Ocular Hypertension Overview
The term ocular hypertension usually refers to any situation in which the pressure inside the eye, called intraocular pressure, is higher than normal. Eye pressure is measured in millimeters of mercury (mm Hg). Normal eye pressure ranges from 10-21 mm Hg. Ocular hypertension is an eye pressure of greater than 21 mm Hg.
Although its definition has evolved through the years, ocular hypertension is commonly defined as a condition with the following criteria:
- An intraocular pressure of greater than 21 mm Hg is measured in one or both eyes at two or more office visits. Pressure inside the eye is measured using an instrument called a tonometer.
- The optic nerve appears normal.
- No signs of glaucoma are evident on visual field testing, which is a test to assess your peripheral (or side) vision.
- To determine other possible causes for your high eye pressure, an ophthalmologist (a medical doctor who specializes in eye care and surgery) assesses whether your drainage system (called the "angle") is open or closed. The angle is seen using a technique called gonioscopy. This technique involves the use of a special contact lens to examine the drainage angles (or channels) in your eyes to see if they are open, narrowed, or closed.

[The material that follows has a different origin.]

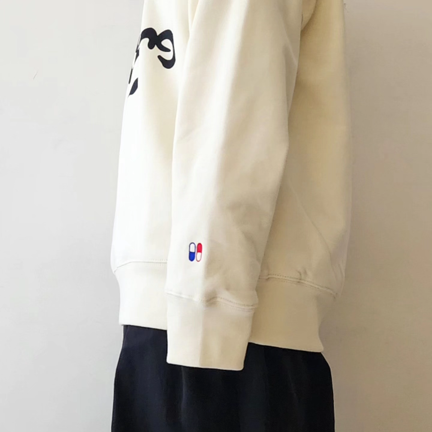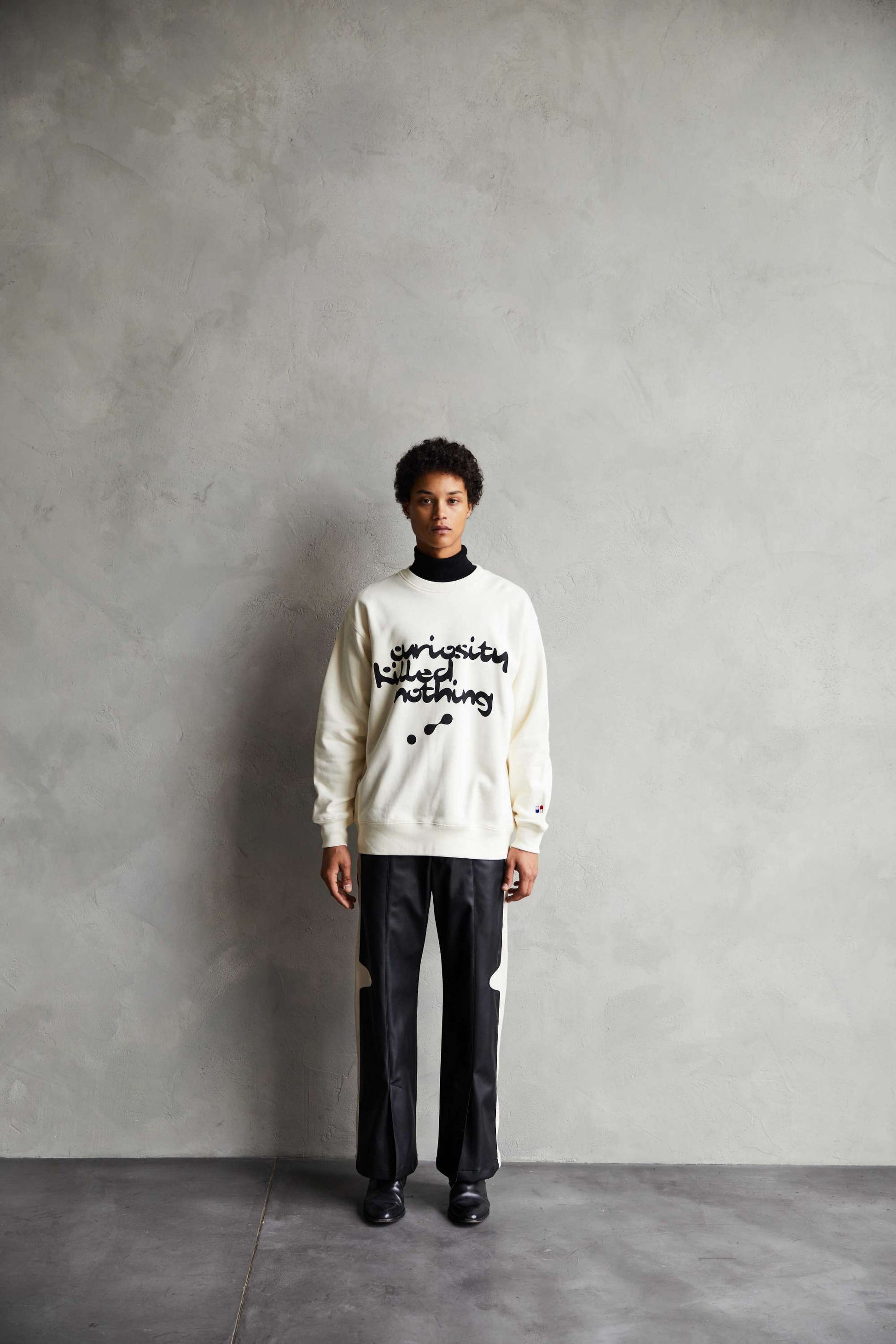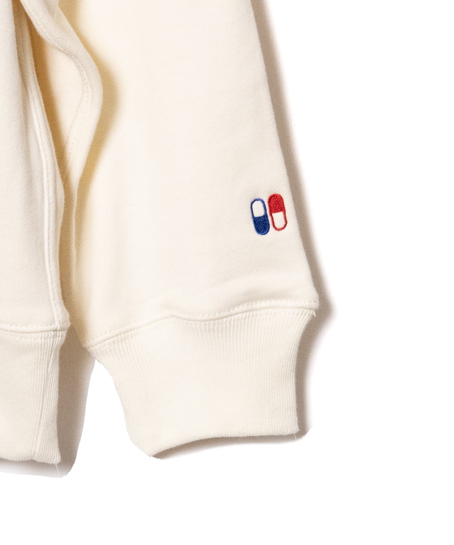 “Curiosity Killed Nothing” A paradoxical message to the old American proverb, “Too much curiosity is a recipe for disaster.” It means that despite failures, curiosity and initial impulses have driven humans to make new discoveries and evolve. Graphics reminiscent of the Chemical Brothers, who led the electro rave scene. It expresses curiosity in search of a trip feeling. The left cuff is embroidered with a Red Pill/Blue Pill motif that represents choice.

- No signs of any ocular disease are present. Some eye diseases can increase the pressure inside the eye.
Ocular hypertension should not be considered a disease by itself. Instead, ocular hypertension is a term that is used to describe individuals who should be observed more closely than the general population for the onset of glaucoma. For this reason, another term to refer to a person with ocular hypertension is "glaucoma suspect," or someone whom the ophthalmologist is concerned may have or may develop glaucoma because of elevated pressure inside the eyes. An eye exam may show a glaucoma-damaged optic nerve.
As mentioned above, increased intraocular pressure can result from other eye conditions. However, within this article, ocular hypertension primarily refers to increased intraocular pressure without any optic nerve damage or vision loss. Glaucoma occurs when increased intraocular pressure, optic nerve damage, and vision loss are present.